Sampling Techniques and Statistical Analysis Review

Probability and Inclusion Probability

  • Probability is like inclusion probability.
  • Consider the probability of picking a female from the general human population.
  • Ideally, you want equal chances of sampling, meaning that the inclusion probability matches what you want.

Critical Value

  • QT grabs the t critical value from a probability distribution for a given degrees of freedom.
  • It's a fixed number for that degrees of freedom and confidence level.

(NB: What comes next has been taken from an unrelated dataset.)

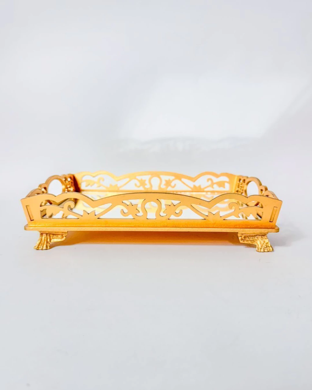 Coloque a bandeja sobre bancadas, aparadores ou móveis. Organize seus aromatizadores, frascos decorativos, sabonetes ou acessórios sobre ela para criar um cantinho encantador e funcional.
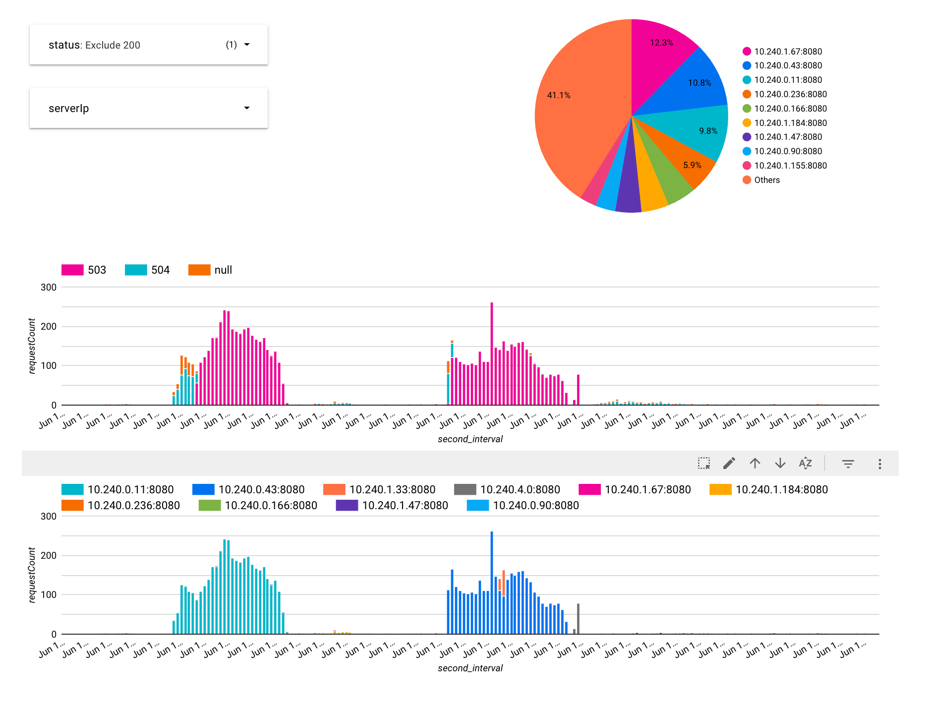 Looker Studio で結果を見ると、特定のホストから504が最初に発生し、その後503を返却することがわかりました。504発生から503を返すまでの時間幅が、Load Balancer のヘルスチェックに失敗してからサービスアウトされるまでの猶予期間と一致していました。

Lecture Outline & Revision

  • Simple random sampling is not always the ideal technique for certain scenarios.
  • It works in theory, but real-world constraints exist.
  • Constraints include limited resources, money, and cost, especially when sampling land for soil carbon content.

Monitoring Question

  • This section will talk about stratified random sampling and revisiting a site.
  • Revisiting a site influences your thinking about the sets.
  • It involves different variations of recomputing a confidence interval band.
  • The focus is on one particular thing called weight.

Confidence Interval Band

  • The lecture discusses why we would want to torture ourselves to calculate confidence intervals differently.

Simple Random Sampling

  • If you toss 10 random points onto a landscape, you might miss something or sample some areas too much.
  • The idea of sampling is that it has to be representative.
  • To mitigate the two problems, you could sample more to the point that the chance of having these two problems is now randomized.
  • Limitations can hinder you such as a tall piece of rock that prevents you from throwing that ring behind that rock ever.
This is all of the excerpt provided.